**TASK OBJECTIVE:**
Your task is to find every line of the listing that includes "Frankfurt" and copy it.

[[ EXERCISE INPUTS, beginning ]]

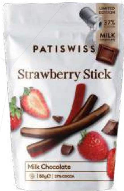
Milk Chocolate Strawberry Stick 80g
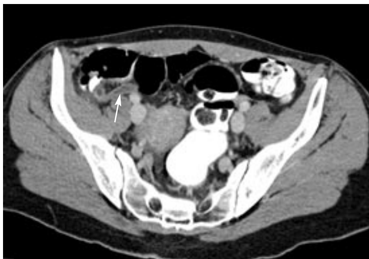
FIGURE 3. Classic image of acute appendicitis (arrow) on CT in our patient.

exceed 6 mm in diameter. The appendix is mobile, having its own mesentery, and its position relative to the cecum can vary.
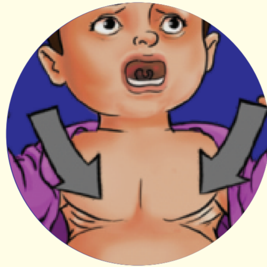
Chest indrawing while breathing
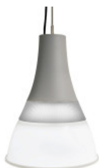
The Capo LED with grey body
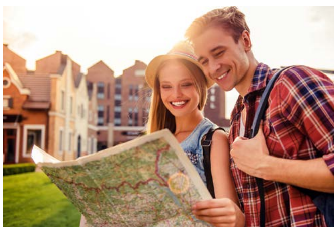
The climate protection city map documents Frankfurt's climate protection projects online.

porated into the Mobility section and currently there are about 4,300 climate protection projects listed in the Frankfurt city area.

[[ EXERCISE INPUTS, end ]]
[[ EXERCISE INPUTS, beginning ]]

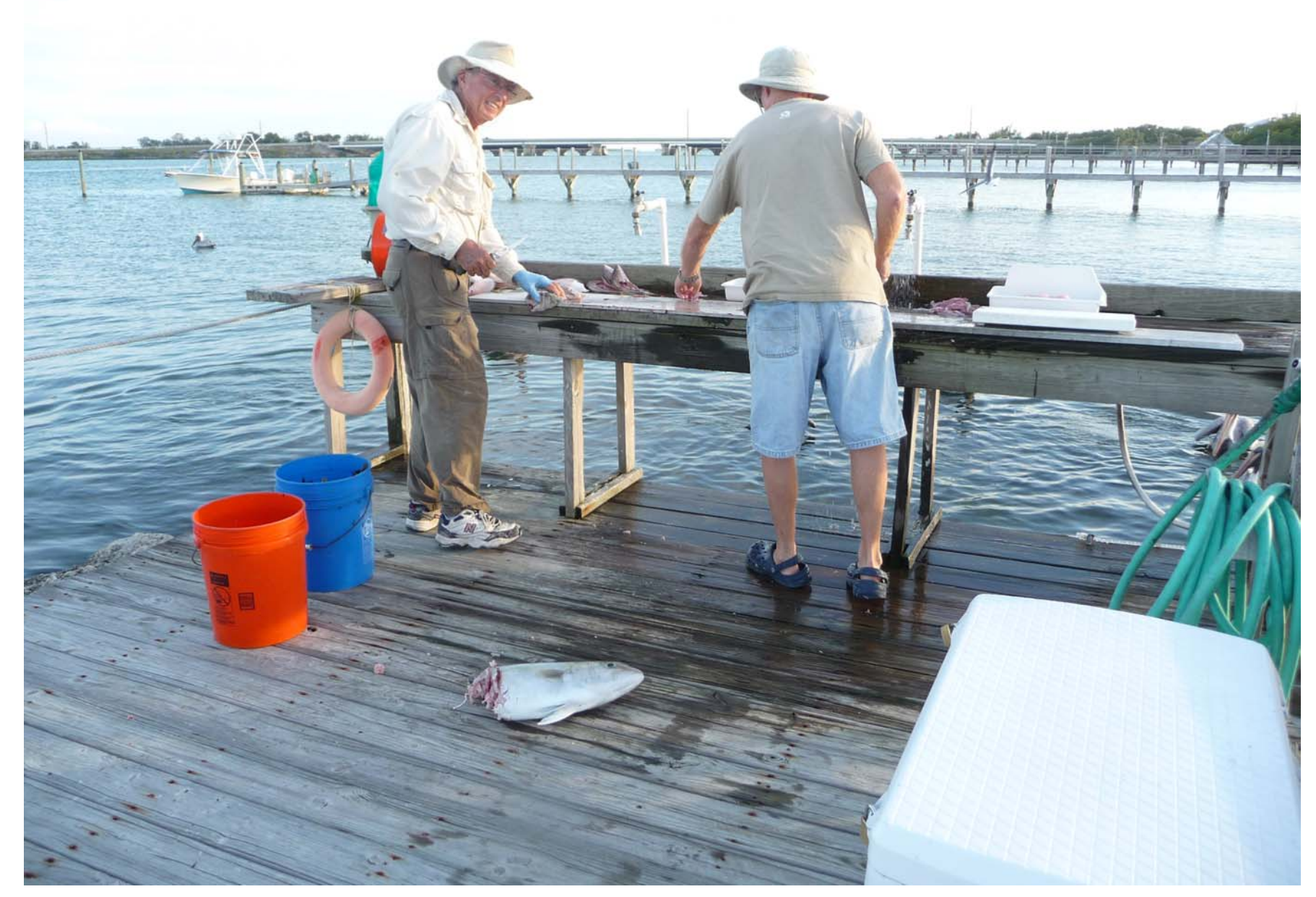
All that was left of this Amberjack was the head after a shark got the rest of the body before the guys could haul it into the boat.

[[ EXERCISE INPUTS, end ]]

**TASK SOLUTION:**
The climate protection city map documents Frankfurt's climate protection projects online.
porated into the Mobility section and currently there are about 4,300 climate protection projects listed in the Frankfurt city area.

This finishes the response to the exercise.